Sonra aklımda ülkemizde gündemini koruyan göçün, bir hikâye oluşturup oluşturamayacağı sorusu dolanırken Adilcevaz'a vardık. Bunaltıcı, basık, boğucu bir sıcak hava vardı. Yaprak kımıldamıyordu. İnsanlar kahvehanelerin önünde açılmış şemsiyelerin gölgesine sığınmış, nefes almaya çalışıyorlardı. Sonra Van Gölü tarafından telaşlı göçmen nefesini andıran bir rüzgar esmeye başladı. Kıble tarafından esen rüzgar yağmurun, bereketin habercisi bilinir bölgede. Kısa süreli de olsa bir yağmur yağdı sonra ve çarşı pazar canlanmaya başladı. Serin bir telaş sardı her yanı, bir göç hikayesi gibiydi.
İran hududuna yakın bir köydeki akrabamızın evinin balkonunda Ebeğe (Çaldıran) ovasına vurmuş mehtabı izliyorduk gece vakti, kaçak çay eşliğinde. Söz döndü dolaştı mültecilerin huduttan geçişlerine geldi. Bulunduğumuz köy, göç güzergâhı üzerinde bulunuyormuş. Sonra hikâyeler başladı. Kıble tarafından gelen rüzgarın, dağın kuytusunda, sıcaktan bunalan Adilcevaz'a hayat vermesini andıran hikayelerdi.
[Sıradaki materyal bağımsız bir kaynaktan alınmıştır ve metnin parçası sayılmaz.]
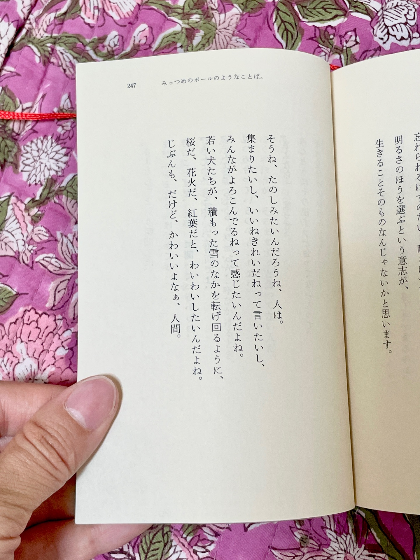 読み終わった🧶🐇🧤 鎌倉に遊びにいったとき あまい店ミニというお店に行った。 そこに置いてあった本。 その時編み物に興味があったこともあり、 題名と表紙を見てなんか気になった。 お店にあったのはサイン入りの文庫本。 一瞬買うか迷って、その時は買わずに読みたい本リストに加えて図書館で借りてみた。 編み物作家の三國万里子さん。 作品のことは全然知らずにこのエッセイを読んだのだけど。 かなり、好き...!!!! いままで読んだことあるエッセイのなかでもトップレベルにすき! なんだろう、この文章、感性?なににこんなに惹かれてるのか〜 なんか物のお迎えのしかたとかもすごくいい。 自分だけの特別な時計、指輪、ぬいぐるみ...素敵だな。 時系列がばらばらなのも良い。ゆらゆら。 編み物の話はほとんどでてこなくて、三國さん自身のさまざまな記憶のお話。🍎 こんな風に、いつまでも遊びごころをわすれず、かわいい感性を持ったままに歳をとっていきたいな〜 あまい店ミニは三國万里子さんの妹の料理家なかやましほさんのお店で、姉妹で展示をしたりすることもあるらしく、だから本も置いてあったみたい。このお店はたまたま一緒に鎌倉行った友達が行ってみたいって連れてきてくれたの。ありがとう、おかも〜!!! 図書館で借りたけど手に入れたいくらい、なんかよかった。 読みながらいいなと思ったとこに紙の切れ端でふせん入れてたら膨大な数になった。 せっかくだから次に鎌倉行った時にあまいみせで買おうかと♡ 編み物も、材料などそろえてちょっと練習したとこで放ってて、こんなのつくってみたいな〜って妄想だけは一丁前な状態だけど、今年中に絶対みにつけるぞ🧶🐇‼️ 📝 ○父 「わーーー、って叫びたくなる気持ちは、おれにもわかる」 ○魔法つかいごっこ ものにしても、人にしても、自分にその用意ができた時に、ようやぬ出会えるものではないかと思う。 🐇願い事をした。出会うべき人のところに、わたしを連れていってください、と。わたしと一緒に、なるべくたくさん外の世界を見ましょう、とも。 ○たけばば おわかり、リボンちゃん?🎀 ○人形遊び 毎晩寝るときに枕の横にずらりと遊び相手の人形たちを並べて、起きると所定の位置に戻す。 ○早退癖 の世界にはどうやら素晴らしいものがたくさんあるらしい。 この時期、わたしは「自分という生き物」になるために繭を作っていたのかもしれない。 自分が触れ始めた「良いものたち」、つまり本や音楽や映画を、もっとしっかり理解するために勉強する、ということだった。 稲垣足穂 一千一秒物語を繰り返し読む。 ○うさろうさん 「たたずまい」がよかった。ほかのぬいぐるみとは一線を画す何かを感じた。 「オマエは・・・・・ようやっとる!」 うさろう爺さんの見送り ○キャンプ 勤勉な大人たちは、われわれ子供以上に解放された気分を味わっていただろうと思う。 うまくいかないことが全部おもしろかった。 ○ままごと こびと のおはなし 🧶🐇🧤 - 2026年3月18日

"Hayvanlara bakacak, sürüleri otlatacak kimse kalmamıştı köylerde." dedi birisi. "Afgan mülteciler gelmeye başladıklarından beri eski günlerdeki gibi yaylalarımız şenlendi. Şu karşı köyde dört beş tane Afgan çoban var." dedi, gecenin mehtabında ışıkları görünen köyü göstererek. "Önceleri anlaşamıyorduk, şimdilerde Kürtçe öğrenmişler. Zaten dilleri de bizim dilimize benziyormuş." diye ekledi. Aslında çoğu buralarda durmuyor, köyleri kıyı kıyı geçip batıya doğru akıyorlar dere boyunca. Kimseyi rahatsız etmemeye dikkat ediyorlar. Çoğu zaman açtırlar.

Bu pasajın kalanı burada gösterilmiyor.